Emami is navigating a classic FMCG trade-off: managing margin erosion in commodity-linked categories like talc while doubling down on brand equity in seasonal products. The high reliance on summer brands (Navratna/Dermicool) makes H1 FY'27 critical. If the company achieves the projected double-digit growth, it will validate their pricing power and distribution efficiency in a competitive landscape.

Market Implications

The positive growth guidance for summer brands signals a healthy outlook for the FMCG sector's discretionary cooling segment. For investors, this suggests potential capital allocation towards defensive yet growth-oriented consumption stocks. The international business turnaround could also improve consolidated P/E multiples if sustained through FY'27.

Trading Signals

Market Bias: Bullish

Management guidance of double-digit growth for key summer brands and a recovery in international business (Q2 FY'27) outweighs margin concerns in the 10% revenue-share talc segment.

Overweight: FMCG, Rural Consumption, Personal Care

Underweight: Commodity-linked Chemicals

Trigger Factors:

  • Summer temperature intensity vs historical averages
  • Q1 FY'27 volume growth data for Navratna/Dermicool
  • Crude oil and packaging cost trends impacting margins

Time Horizon: Medium-term (3-12 months)

Industry Context

The Indian FMCG sector has seen varied growth across rural and urban markets. While staples face inflation-led volatility, niche categories like 'cooling' personal care (where Emami leads) often exhibit stronger seasonal inelasticity. Emami's ₹300 crore talc contribution remains a significant competitive moat against unorganized players.

Key Risks to Watch

  • Unfavorable weather patterns (e.g., erratic monsoon or early end to summer) impacting seasonal sales.
  • Persistent margin pressure in the talc category if raw material costs do not cool down.
  • Geopolitical risks affecting the recovery timeline of the international business.

Recent Developments

In the last 60 days, Emami has intensified its digital-first strategy, launching D2C-exclusive variants for its healthcare range. The company also completed a distribution expansion program in Tier-2 cities in April 2026, aiming to improve last-mile connectivity for its summer portfolio ahead of the FY'27 peak season.

Closing Insight

Emami’s FY'27 strategy is a calculated bet on seasonal resilience and international recovery. By transparently addressing talc margin headwinds while projecting double-digit growth in its core summer brands, the management is signaling operational confidence that could stabilize long-term investor sentiment.

FAQs

What is the revenue contribution of Emami's talc business?

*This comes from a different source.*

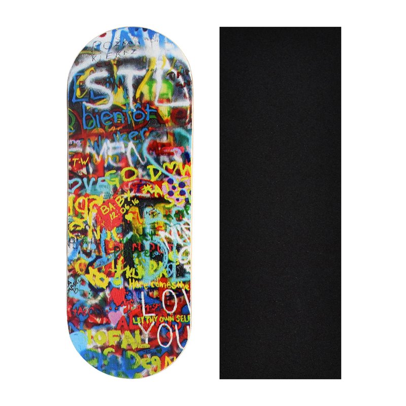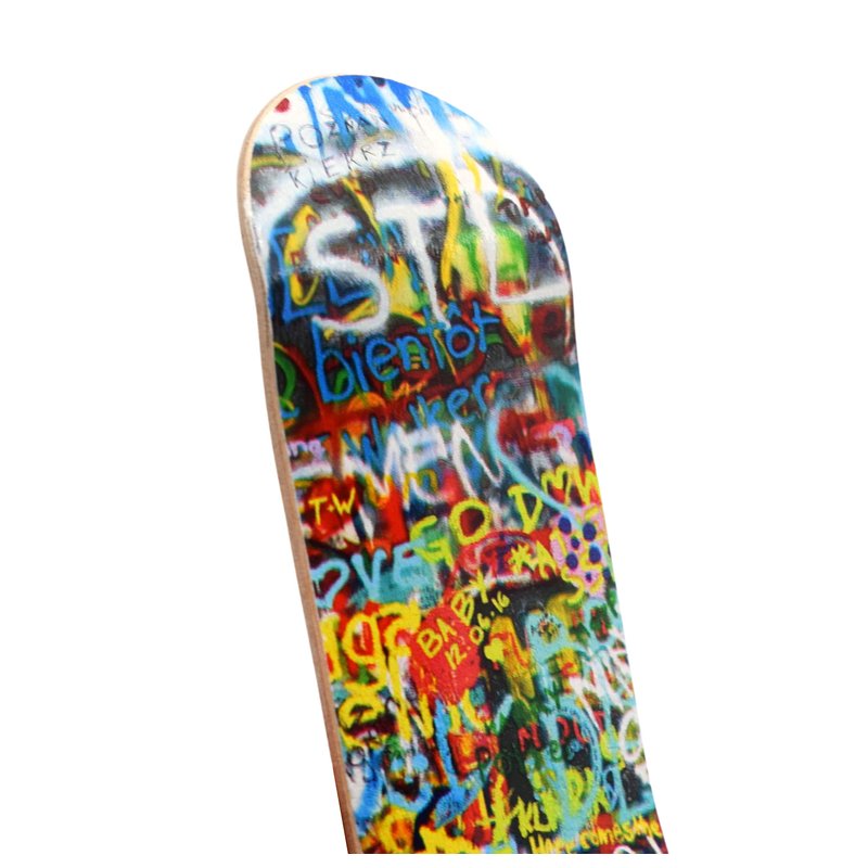 - PREMIUM HEAT TRANSFERRED GRAPHIC DECK || Premium quality, maple fingerboard deck with heat transfer "Graffiti Wall" graphic on the base. Real wear, true skateboard quality for realism and lasting design

The talc business generated approximately ₹300 crore in FY'26, accounting for nearly 10% of Emami's total revenue. Despite its scale, management has noted lower margins in this specific category.

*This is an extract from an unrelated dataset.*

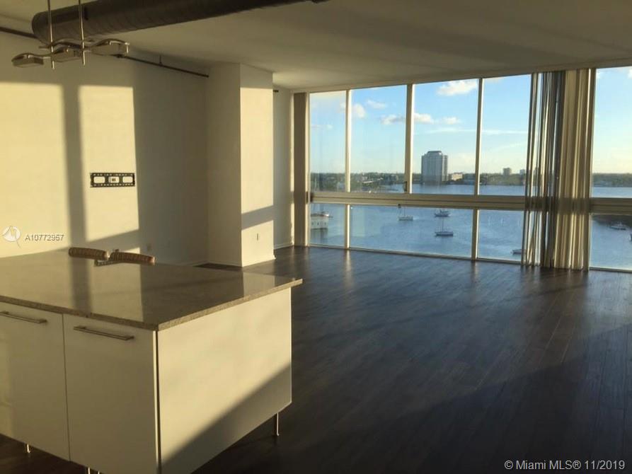 Stunning large, modern 2 bedroom/2 bath open concept loft with 12ft ceilings, 1848sq ft spacious floor plan, central AC, dark grey laminate wood flooring throughout and a new washer/dryer. Both bedrooms have walk in closets with an extra storage cabinet in the main bathroom. Floor to ceiling windows overlook west facing view of bay and gorgeous sunsets. Space 01 is a unique, award winning design building with creative and professional residents. Located in North Bay Village, this condo is conveniently located less than 15 min to downtown, Midtown, South Beach and Aventura. Amenities include heated rooftop swimming pool with jacuzzi spa, rooftop garden, full fitness center and secure covered garage parking for 2 vehicles.

When does Emami expect its international business to recover?

Following single-digit growth in Q1 FY'27, the company forecasts a return to strong double-digit growth in its international business starting from Q2 FY'27.

How will margin pressure in the talc segment affect overall profitability?

While the talc segment faces margin challenges, the company expects the double-digit growth of high-margin summer brands like Navratna and Dermicool in H1 FY'27 to offset these impacts at a consolidated level.